From: Alastair Houghton via Unicode <>
Date: Tue, 16 May 2017 16:30:09 +0100

On 16 May 2017, at 14:23, Hans Åberg via Unicode <> wrote:
> You don't. You have a filename, which is a octet sequence of unknown encoding, and want to deal with it. Therefore, valid Unicode transformations of the filename may result in that is is not being reachable.
> It only matters that the correct octet sequence is handed back to the filesystem. All current filsystems, as far as experts could recall, use octet sequences at the lowest level; whatever encoding is used is built in a layer above.

HFS(+), NTFS and VFAT long filenames are all encoded in some variation on UCS-2/UTF-16. FAT 8.3 names are also encoded, but the encoding isn’t specified (more specifically, MS-DOS and Windows assume an encoding based on your locale, which could cause all kinds of fun if you swapped disks with someone from a different country, and IIRC there are some shenanigans for Japan because of the use of 0xe5 as a deleted file marker). There are some less widely used filesystems that require a particular encoding also (BeOS’ BFS used UTF-8, for instance).

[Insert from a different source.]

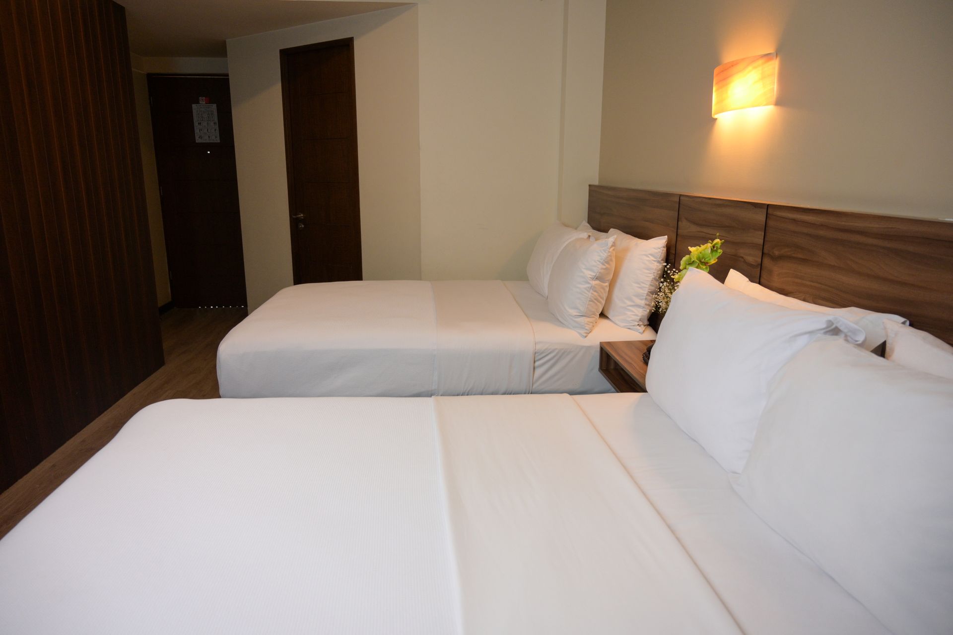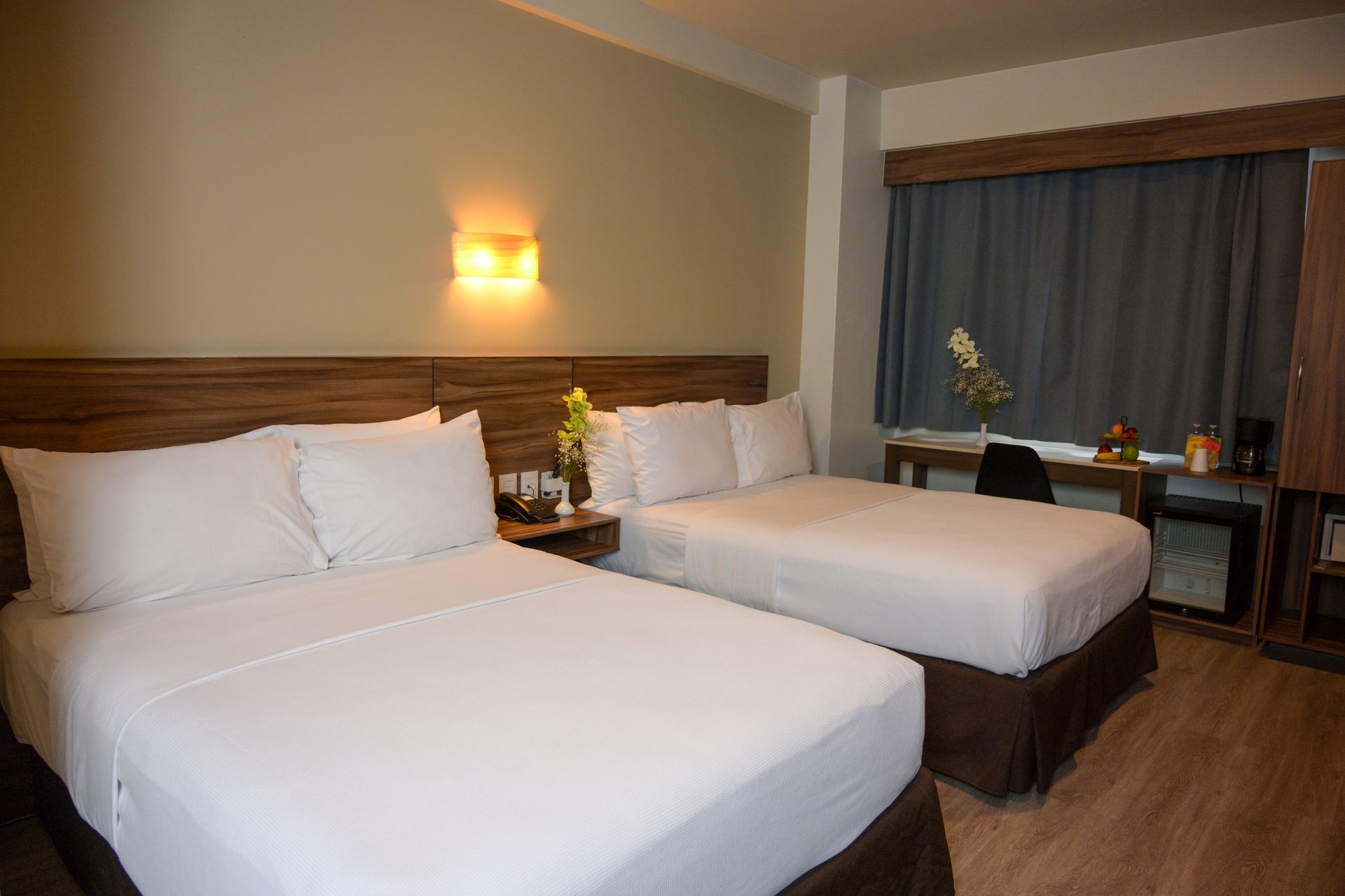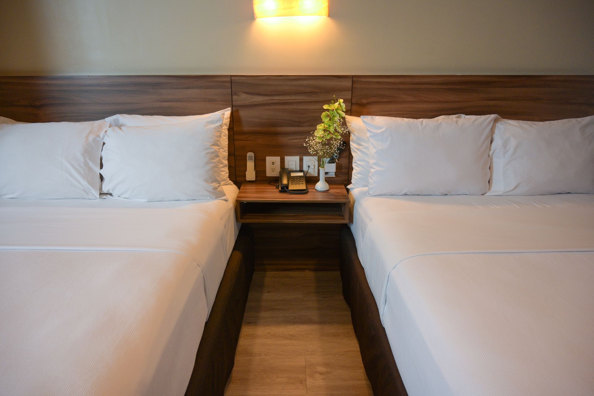 Habitación de 20 m2 con 2 camas matrimoniales y equipada con aire acondicionado, internet Wi-Fi, televisión por cable,telefono,television pantalla plana,secador de cabello y kit de cortesía, escritorio,armario,cafetera,minibar y caja fuerte.

Also, Mac OS X and iOS use UTF-8 at the BSD layer; if a filesystem is in use whose names can’t be converted to UTF-8, the Darwin kernel uses a percent encoding scheme(!)

It looks like Apple has changed its mind for APFS and is going with the “bag of bytes” approach that’s typical of other systems; at least, that’s what it appears to have done on iOS.